In the
Land of the Blue Poppies - Frank Kingdon-Ward
Kingdon-Ward
(1885 - 1958) wrote many books about his plant hunting in Asia. This book
collects his writings about Burma and eastern Tibet in the 1920s and 1930s. He
focused on trees in the mountains, the struggling shrubs in screes, and the
flowers in the fields. Readers into botany, horticulture, gardening, and travel
narratives by the intrepid British will find this enjoyable because the author
is genial without being dotty or wooly and observant.
Kingdon-Ward
was born in 1885, the son of a professor of botany at Cambridge. He was
educated at Christ's College, Cambridge, where he took honors in Natural
Science in 1906. The following year he took up a teaching post in Shanghai. But
the passion of instruction was not as strong as a yen for the wild. In 1909
went exploring into the interior of China, which still had large areas that
were unknown to Europeans.
He spent
the fifty years travelling and plant collecting in the mountains where China,
Tibet, India and Burma meet. His efforts at gathering seeds enriched English
gardens, though he regretted not making any money from his work. He specialized
in rhododendrons, primulas, lilies, gentians and poppies. Of these, he was one
to always note a rhododendron.
I must
confess that that this book took me out of my comfort zone. I can barely
identify a half-dozen flowers so his so his knowledge of and ability to
identify plants in the most unlikely places seem to me almost supernatural.

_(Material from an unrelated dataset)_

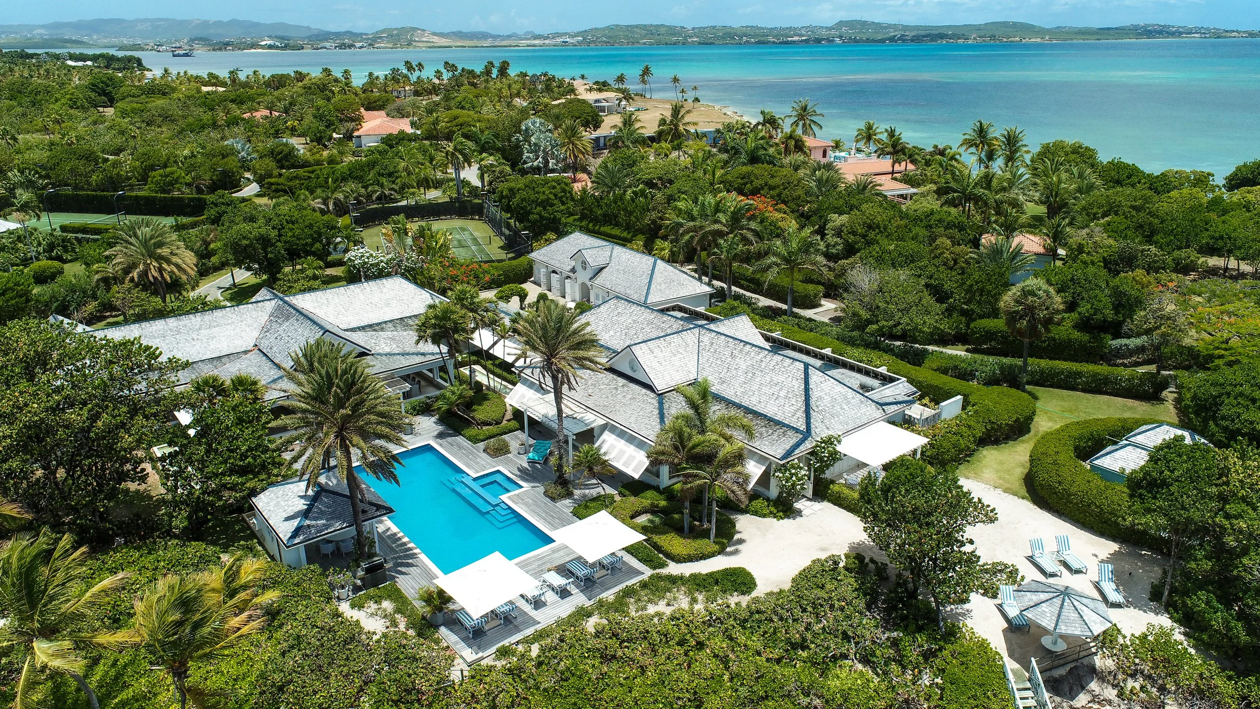 Ideally situated on Pasture Bay, the home occupies one of the most private beach front acreages on Jumby Bay island. With the wide-open uninterrupted horizon of the Caribbean Sea to the north, the property commands an extraordinary and unique vista which provides the estate with its name - Blue Horizon.

Like many veterans of public schools, he could deal with hardship. Without
making a big deal about it, he tells stories here about managing through heat,
steep climbing, torrential rain and treacherous rope bridges.
True, he’s
not terribly enlightened about the local people. Nor is his prose as smooth and
erudite as other British travelers. But I think readers into quietly exciting
travel narratives would find this enjoyable.